_WORK TASK_
The listing below should be written out word for word, with its pictures removed.

_SOURCE MATERIAL_
★ ★ ★ ★ ★
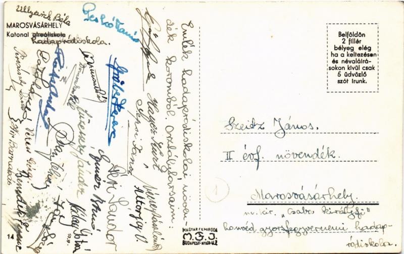 Marosvásárhely, Targu Mures; Katonai alreáliskola (hadapródiskola), hátoldalon az évfolyam osztálytársainak aláírásával / K.u.k. military cadet school. Signatures on the backside
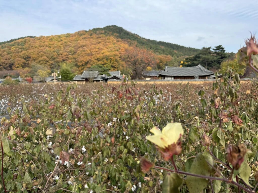 1331年に生まれ、1360年に鄭夢周とともに科挙に合格した文益漸は、帰国時に綿の種を筆の中に隠して国に伝えたことで知られます。現在南平文氏本貫の村(大邱前市長や文前大統領も子孫)にて子孫が暮らしているのは9棟、人が住んでいない2棟は開放されています。
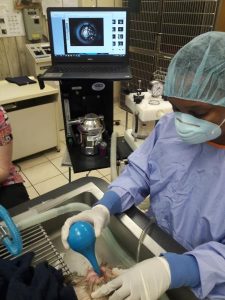 Ear flushing is an important part of clearing up an ear infection fast and effectively. The ear canals need to be irrigated with a warm antiseptic solution under anesthesia. Removing the debris will allow the medication to penetrate better. While irrigating the ears under sedation the eardrums will be examined with endoscopy to determine if the eardrum is damaged or swollen. Damage to the eardrums needs special attention. In order to control pain, swelling, and prevent hematomas (blood clots) in the ear, aggressive application of injectible and oral pain mediation is recommended.
★ ★ ★ ★ ★
_EXPECTED OUTPUT_
 Marosvásárhely, Targu Mures; Katonai alreáliskola (hadapródiskola), hátoldalon az évfolyam osztálytársainak aláírásával / K.u.k. military cadet school. Signatures on the backside
 1331年に生まれ、1360年に鄭夢周とともに科挙に合格した文益漸は、帰国時に綿の種を筆の中に隠して国に伝えたことで知られます。現在南平文氏本貫の村(大邱前市長や文前大統領も子孫)にて子孫が暮らしているのは9棟、人が住んでいない2棟は開放されています。
 Ear flushing is an important part of clearing up an ear infection fast and effectively. The ear canals need to be irrigated with a warm antiseptic solution under anesthesia. Removing the debris will allow the medication to penetrate better. While irrigating the ears under sedation the eardrums will be examined with endoscopy to determine if the eardrum is damaged or swollen. Damage to the eardrums needs special attention. In order to control pain, swelling, and prevent hematomas (blood clots) in the ear, aggressive application of injectible and oral pain mediation is recommended.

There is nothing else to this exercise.